Nervecentre is in right place at right time for digital transformation

As the NHS kicks off the holiday season with a junior doctors’ strike, many health service staff and suppliers are looking at 2024 with trepidation. Not Nervecentre. 

The UK electronic patient record (EPR) provider has had a rollicking end to 2023, with three NHS trusts – University Hospitals of Derby and Burton (UHDB), Chesterfield Royal Hospital (CRH) and Northampton General Hospital – choosing Nervecentre as their preferred EPR supplier in the past two months alone.

In October, Ireland’s health service chose the company to provide software for acute floor services for unscheduled and emergency care. 

In an interview with Digital Health News, Nervecentre chief executive Paul Volkaerts said he is optimistic about the company’s chances to expand its remit, with more trusts set to go through the process of choosing a preferred EPR provider in the first two months of 2024. 

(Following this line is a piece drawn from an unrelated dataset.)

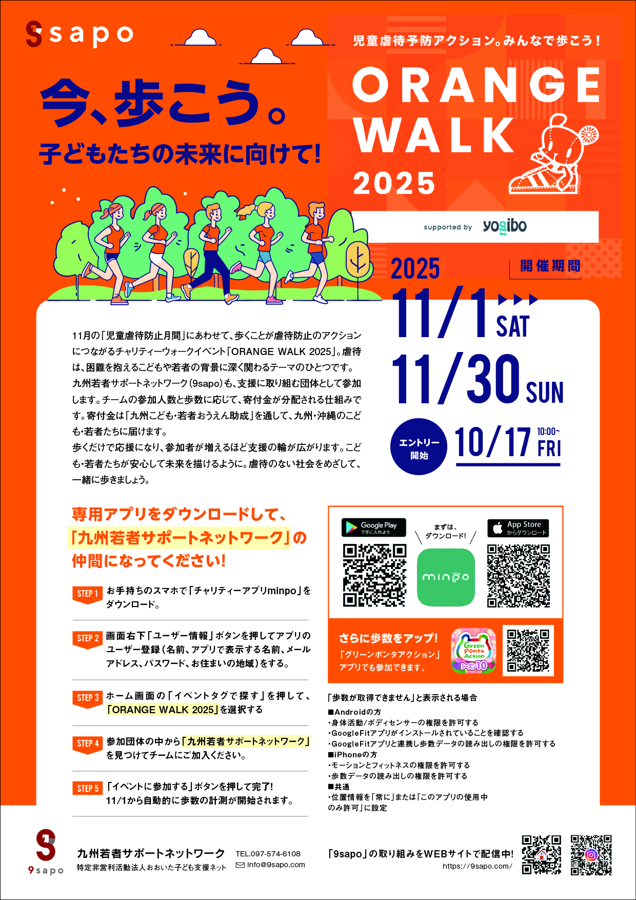 九州若者サポートネットワーク(9sapo)は、児童虐待防止推進月間の2025年11月1日(土)〜11月30日(日)に歩いて児童虐待防止に取り組む団体に寄付を届けるイベント【ORANGE WALK 2025(以下ORANGE WALK)】の支援先団体の一つとして選ばれました。九州若者サポートネットワーク(9sapo)を応援してくださる参加者を募集します。

“We seem to have really good timing, which is a hard thing to achieve in business,” he said. “We are hitting the frontline digitalisation procurement process at a point when we are a viable option. For a long time there has been a gap in the market for an EPR that is usable, focused on the NHS and hits the right price point.” 

Nervecentre has spent 15 years building its EPR and doesn’t underestimate the challenges for suppliers in the market, Volkaerts says, adding that it has taken that amount of time to “hit the maturity of our breadth of features”. 

Despite the health service’s constant funding woes, he believes decisionmakers in the government and NHS England realise that digitalisation must remain a top priority. And he remains convinced that Nervecentre’s laser focus on designing a system for the UK health service has given it an edge over other competitors in the EPR space. 

“The NHS is fundamentally different from US hospitals and the processes in the hospitals differ,” he said, noting that the US system is more focused on billing, and has less developed systems of electronic prescribing.  

Noting that the Irish health service contract was Nervecentre’s first outside the UK, Volkaerts said the company is ultimately interested in expanding further; although it has around “half a dozen territories” that it thinks could be fertile ground for its business, the US is likely to be farther down the list. 

Creating links across regions 

Nervecentre’s most recent EPR wins are focused in the East Midlands, where University Hospitals Leicester (UHL) is already the main development partner for its next-generation EPR system. At UHDB and CHR, the company will be supplying a joint EPR system for both trusts. 

“Our desire is to address the healthcare challenges across regions,” Volkaerts said. “There is an opportunity to create a region that has seamless patient data across it. We have announced a couple of wins and there are more to come.” 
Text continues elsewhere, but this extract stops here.